To your broader point - I think skepticism about the efficacy of the Covid vaccine is a very different (and rapidly evolving) thing than traditional anti-vaxx rhetoric.

If you don't think public trust has declined - why did fewer than 50% of people who got 2 doses go on to get a booster? What changed for them?

2 comments

Very few people get the Flu vaccine every year.

People are lazy.

People don't get them due to efficacy. People know the makers plan in advance and try to predict the strain that will hit and their prognostication is understandably sub-par.
The pros still vastly outweigh the cons. I hadn't been getting one largely out of laziness and slight needle phobia in previous years. I changed only once it became a requirement for visiting aged care homes, and even though they don't enforce it, have continued getting my annual jabs. Flu vaccines do actually generally provide quite good protection against infection of the most common strains.
The previous president suggested some sort of experimental bleach-based antiviral treatment regime was under development. And you want to ding this one for trying to persuade people to take a vaccine?
Trump didn't suggest it. He mentioned that it was being looked at as one of the possible options.
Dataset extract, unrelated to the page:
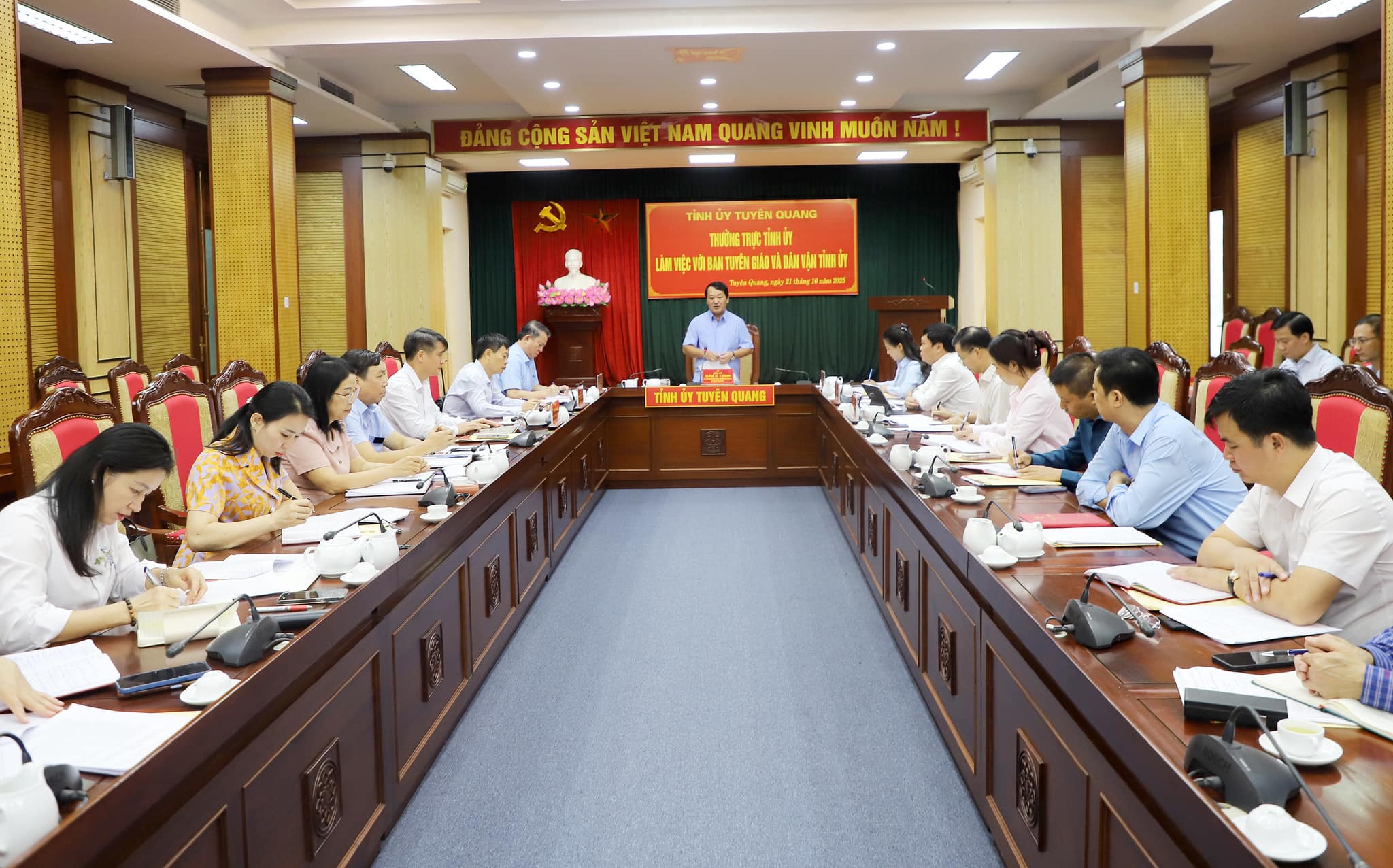Trước yêu cầu nhiệm vụ trong tình hình mới, quán triệt quan điểm chỉ đạo của đồng chí Nguyễn Trọng Nghĩa, Uỷ viên Trung ương Đảng, Trưởng Ban Tuyên giáo và Dân Vận Trung ương: Công tác tuyên giáo, dân vận trong giai đoạn mới phải là người tiên phong định hướng tư tưởng, dẫn dắt nhận thức, truyền tải khát vọng phát triển của dân tộc, xung kích, sáng tạo… Ban Tuyên giáo và Dân vận Tỉnh uỷ Tuyên Quang đã và đang tích cực đổi mới, sáng tạo trong thực hiện công tác chuyên môn, nghiệp vụ, sẵn sàng thực hiện và hoàn thành tốt vai trò, nhiệm vụ của cơ quan trực tiếp tham mưu, giúp việc cấp uỷ tỉnh về công tác tư tưởng.

And I think OP is implying that a totally incorrect statement erodes trust, even if you were just trying to persuade people to take the vaccine.

Maybe these types of lies spread by the fascist totalitarian anti-freedom vaccine promoting crowd is part of the problem.
‘promoting general public health through sensible preventive medical programs’ is not generally listed among the top evils committed by totalitarian regimes.